Items listed in a dataset:
================================
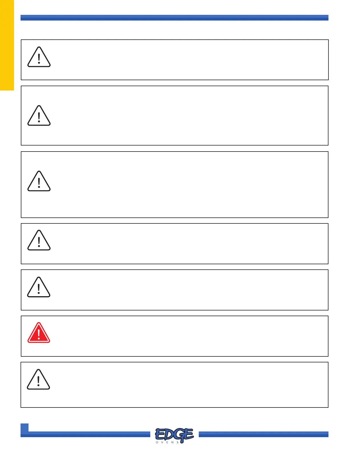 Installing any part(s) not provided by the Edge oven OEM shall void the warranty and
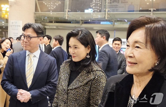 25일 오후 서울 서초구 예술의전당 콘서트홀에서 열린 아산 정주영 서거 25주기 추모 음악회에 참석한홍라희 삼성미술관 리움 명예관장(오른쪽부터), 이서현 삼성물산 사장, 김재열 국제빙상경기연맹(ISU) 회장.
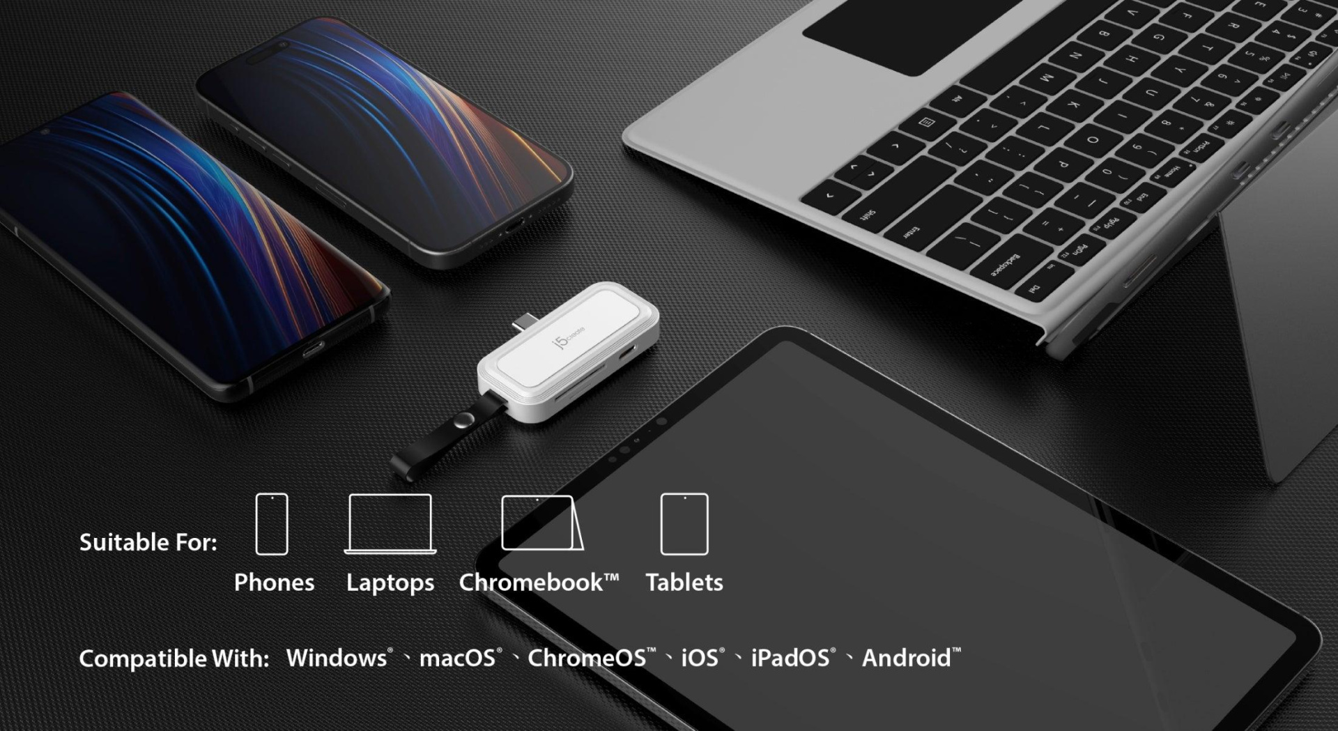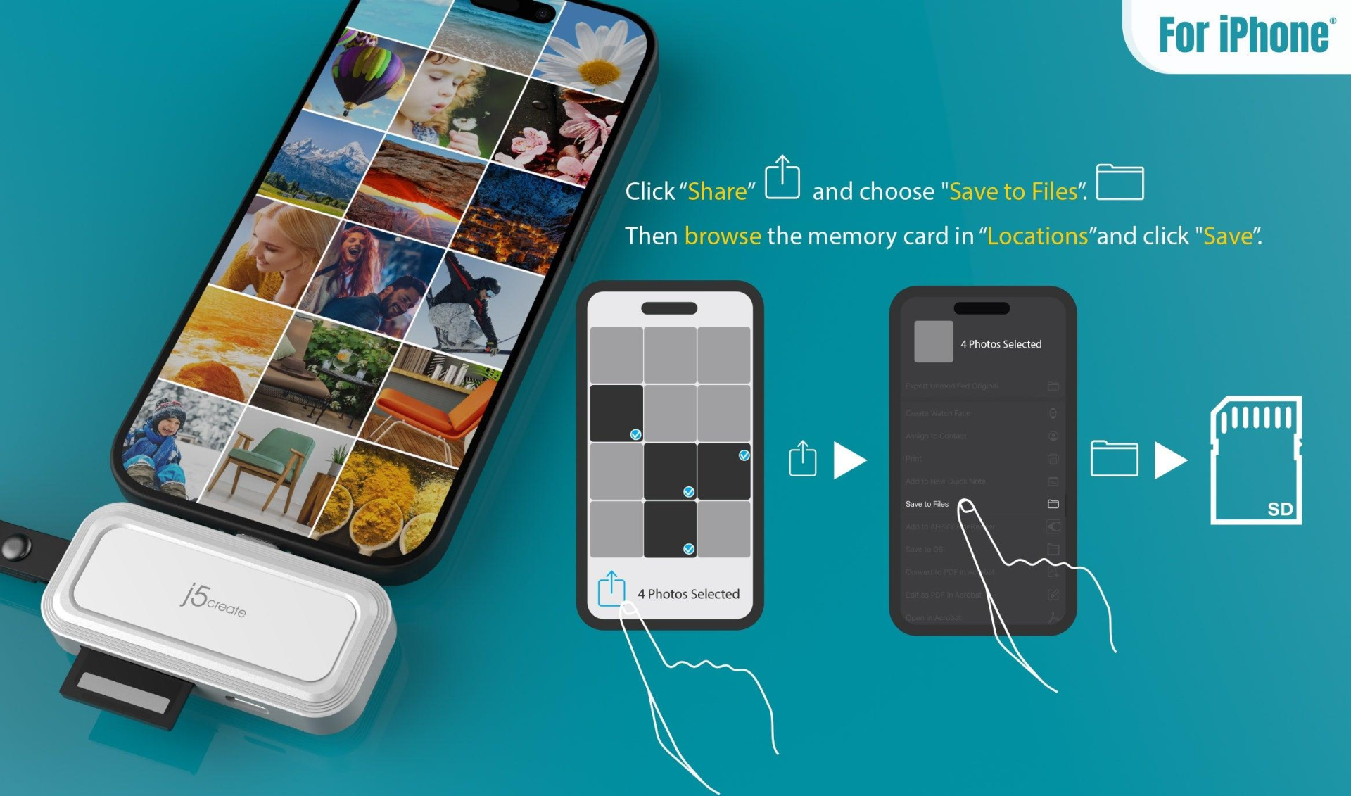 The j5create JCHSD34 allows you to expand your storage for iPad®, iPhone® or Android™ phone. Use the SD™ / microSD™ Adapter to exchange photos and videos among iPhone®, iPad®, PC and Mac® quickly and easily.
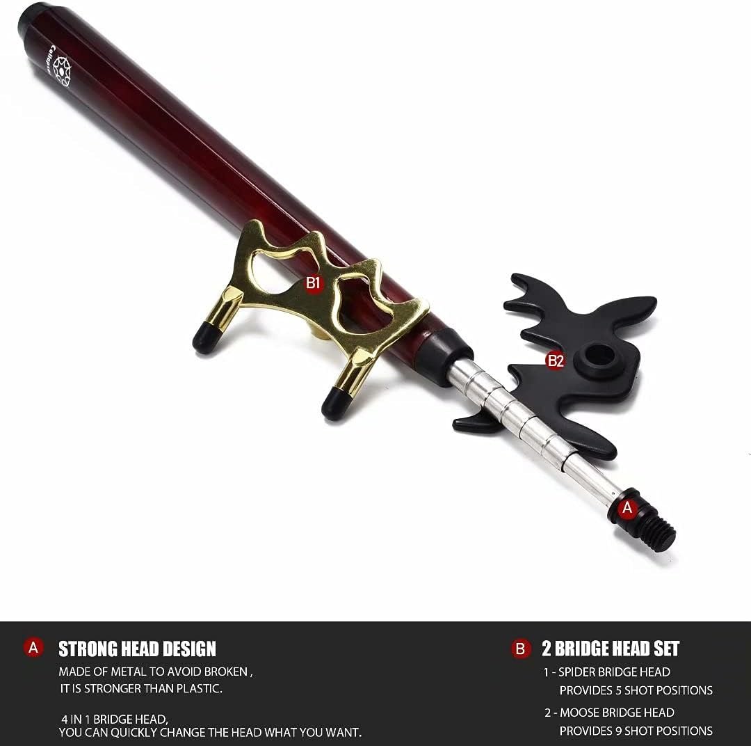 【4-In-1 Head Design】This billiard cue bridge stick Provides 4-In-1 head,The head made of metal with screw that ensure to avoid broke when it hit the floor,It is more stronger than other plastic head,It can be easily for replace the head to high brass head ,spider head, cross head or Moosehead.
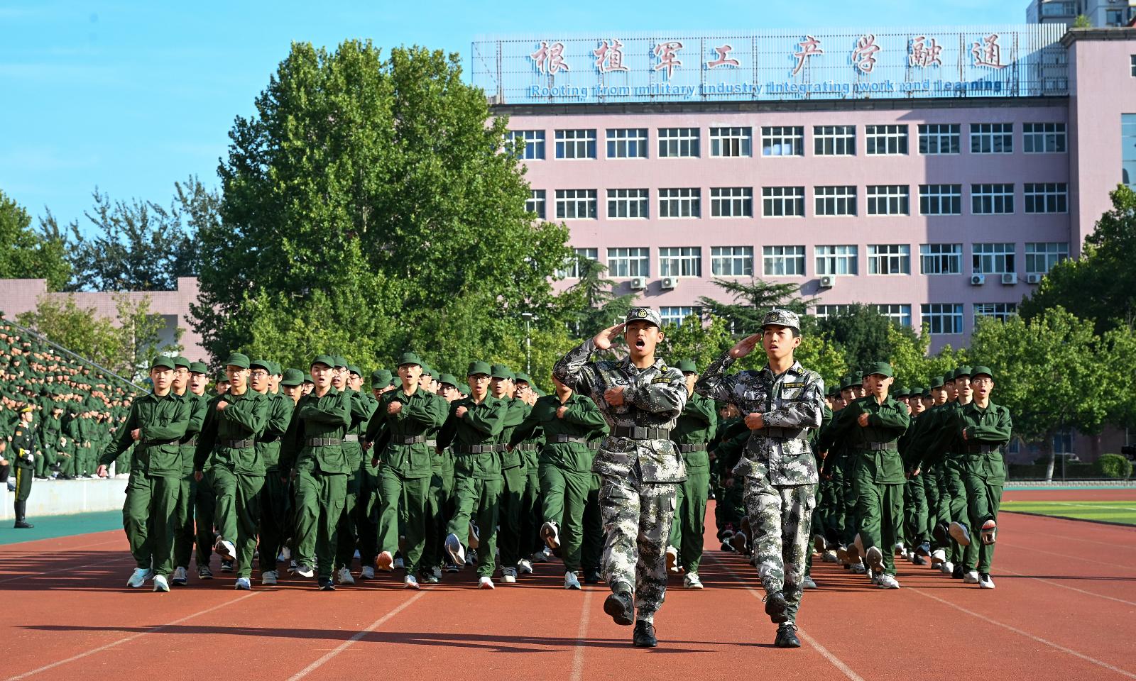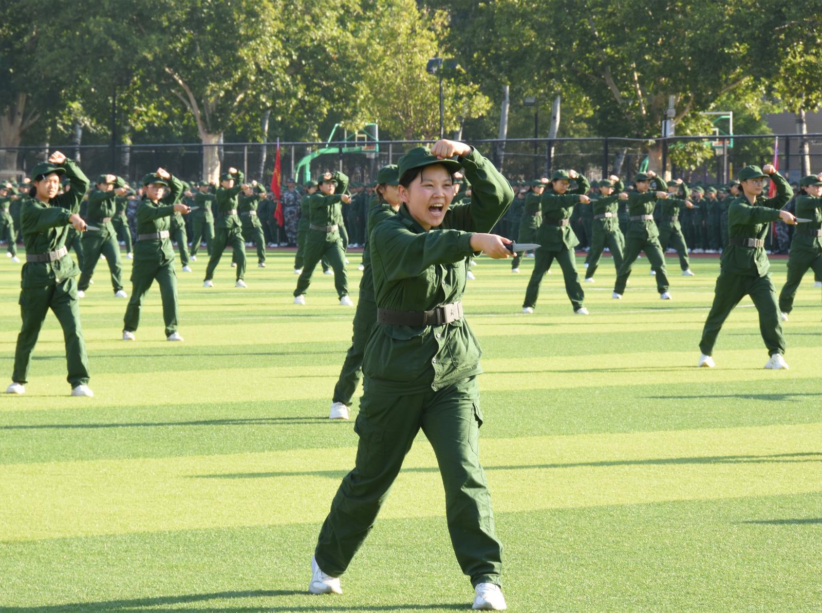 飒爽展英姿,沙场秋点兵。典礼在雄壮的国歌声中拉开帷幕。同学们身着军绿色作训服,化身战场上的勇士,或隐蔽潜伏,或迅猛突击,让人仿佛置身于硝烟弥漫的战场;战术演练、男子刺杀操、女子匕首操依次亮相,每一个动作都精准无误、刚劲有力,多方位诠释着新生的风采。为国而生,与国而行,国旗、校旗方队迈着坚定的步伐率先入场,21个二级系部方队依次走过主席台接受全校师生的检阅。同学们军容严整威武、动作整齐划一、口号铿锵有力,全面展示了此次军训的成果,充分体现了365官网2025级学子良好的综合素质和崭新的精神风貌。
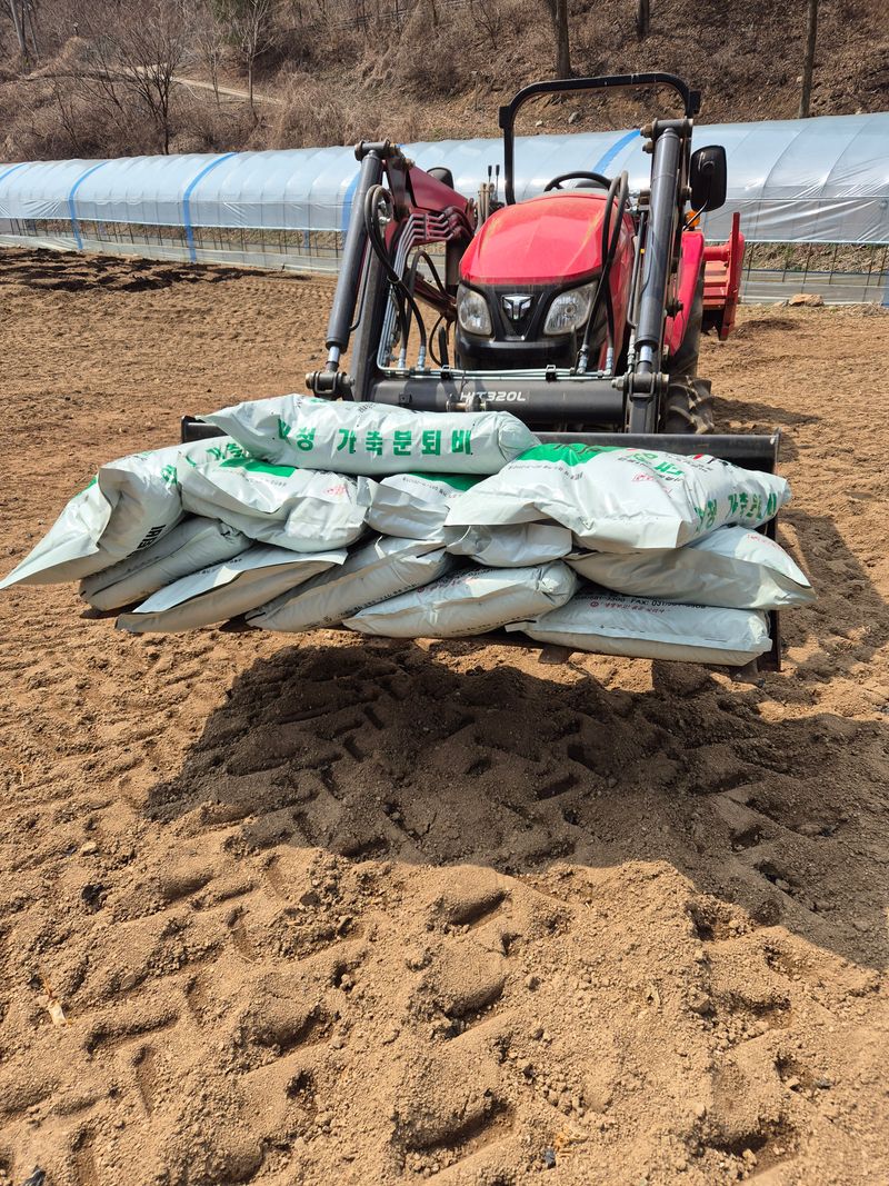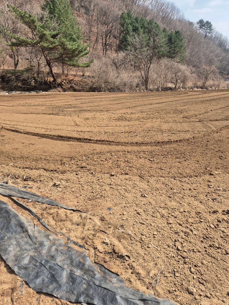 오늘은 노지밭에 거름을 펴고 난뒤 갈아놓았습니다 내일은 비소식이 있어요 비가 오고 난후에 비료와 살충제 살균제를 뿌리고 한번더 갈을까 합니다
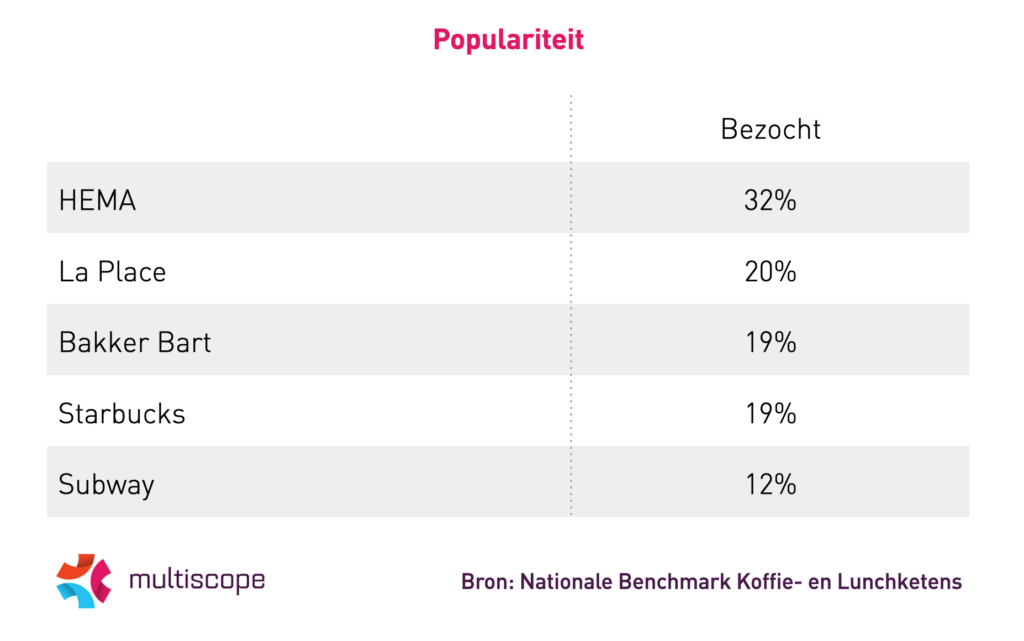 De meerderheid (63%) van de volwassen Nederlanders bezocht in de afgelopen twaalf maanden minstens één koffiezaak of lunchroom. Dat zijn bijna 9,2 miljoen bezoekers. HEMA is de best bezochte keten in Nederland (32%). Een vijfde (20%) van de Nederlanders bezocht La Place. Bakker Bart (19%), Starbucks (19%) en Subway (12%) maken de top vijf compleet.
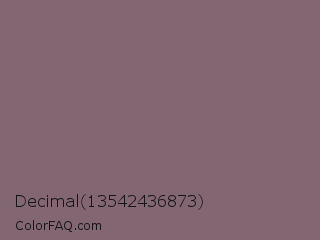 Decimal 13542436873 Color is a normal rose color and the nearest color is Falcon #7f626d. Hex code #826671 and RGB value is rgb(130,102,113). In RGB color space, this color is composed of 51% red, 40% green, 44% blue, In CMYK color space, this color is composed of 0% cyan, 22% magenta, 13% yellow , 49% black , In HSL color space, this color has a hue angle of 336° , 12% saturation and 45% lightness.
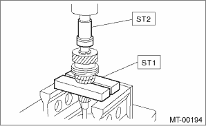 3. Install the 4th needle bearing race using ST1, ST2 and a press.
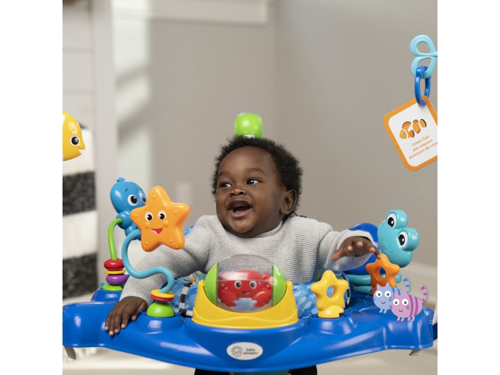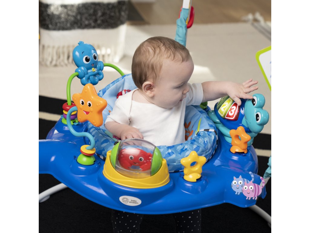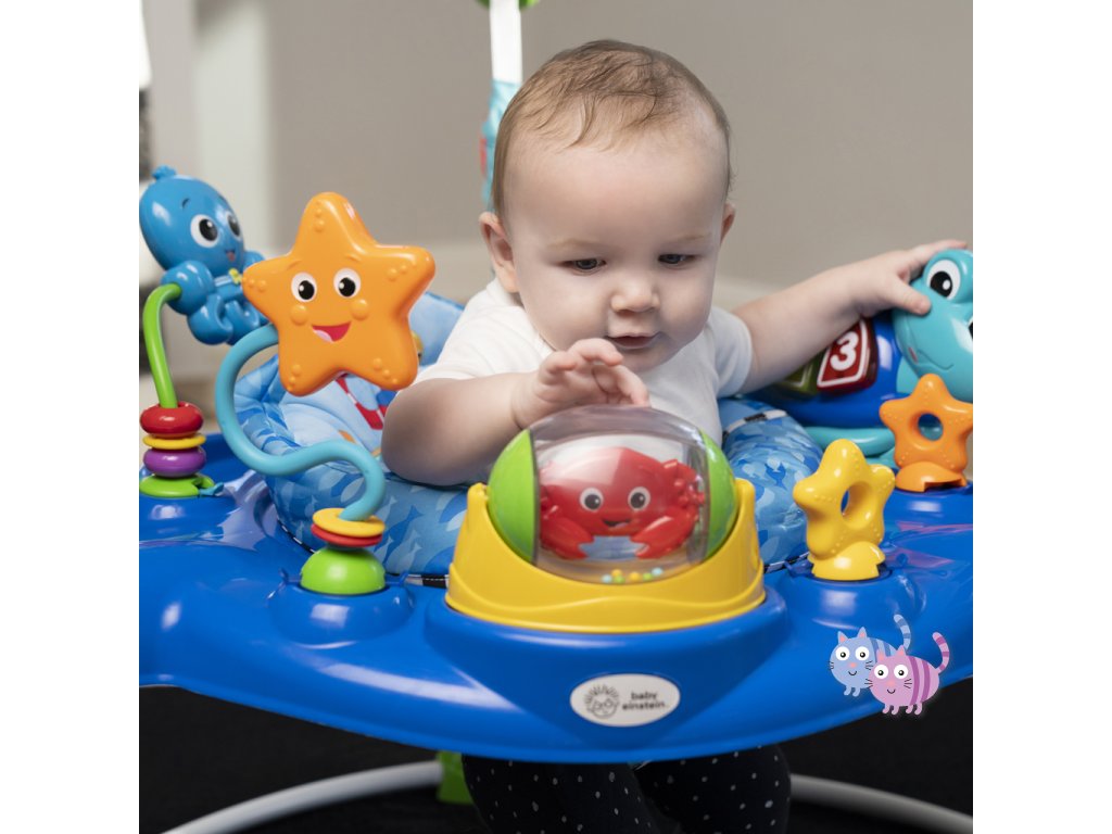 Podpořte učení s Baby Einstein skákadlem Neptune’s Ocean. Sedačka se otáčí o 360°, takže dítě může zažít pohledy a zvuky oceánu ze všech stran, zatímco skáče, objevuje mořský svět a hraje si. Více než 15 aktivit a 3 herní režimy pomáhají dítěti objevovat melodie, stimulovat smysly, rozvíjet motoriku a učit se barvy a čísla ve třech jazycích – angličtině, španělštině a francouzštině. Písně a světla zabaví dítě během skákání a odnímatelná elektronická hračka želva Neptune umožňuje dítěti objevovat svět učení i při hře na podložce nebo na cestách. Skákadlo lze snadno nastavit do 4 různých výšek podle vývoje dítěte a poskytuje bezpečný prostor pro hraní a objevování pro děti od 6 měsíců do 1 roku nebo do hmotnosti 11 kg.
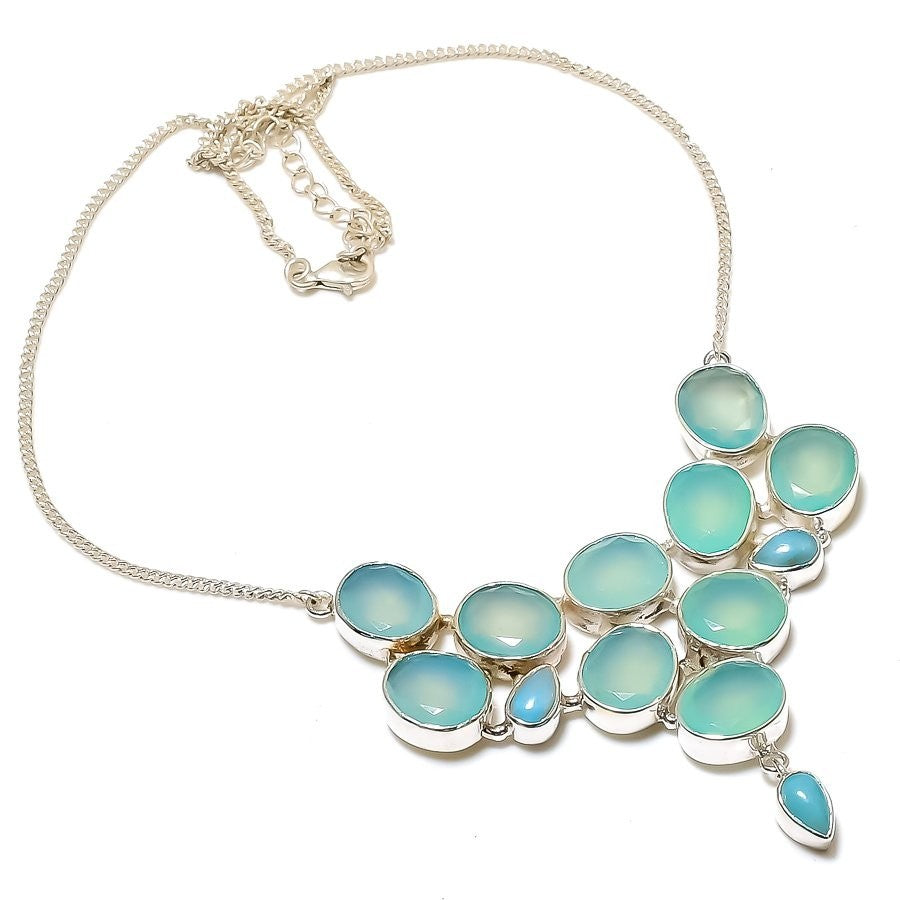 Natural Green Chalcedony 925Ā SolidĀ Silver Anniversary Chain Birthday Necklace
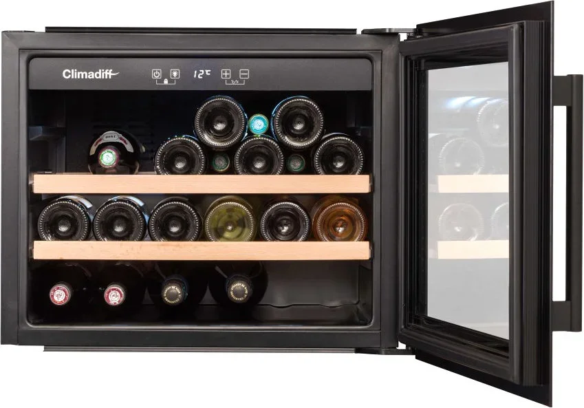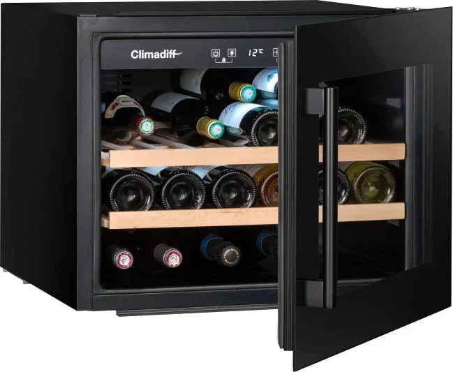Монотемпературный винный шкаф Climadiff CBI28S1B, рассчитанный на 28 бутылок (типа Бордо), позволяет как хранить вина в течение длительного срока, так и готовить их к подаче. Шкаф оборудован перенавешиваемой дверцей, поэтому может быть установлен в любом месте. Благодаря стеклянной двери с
================================
Task goal: Reproduce the data above line for line, from its first line through the line containing "The j5create JCHSD34", both ends included, with the pictures omitted and nothing more.

Answer below:
 Installing any part(s) not provided by the Edge oven OEM shall void the warranty and
 25일 오후 서울 서초구 예술의전당 콘서트홀에서 열린 아산 정주영 서거 25주기 추모 음악회에 참석한홍라희 삼성미술관 리움 명예관장(오른쪽부터), 이서현 삼성물산 사장, 김재열 국제빙상경기연맹(ISU) 회장.
 The j5create JCHSD34 allows you to expand your storage for iPad®, iPhone® or Android™ phone. Use the SD™ / microSD™ Adapter to exchange photos and videos among iPhone®, iPad®, PC and Mac® quickly and easily.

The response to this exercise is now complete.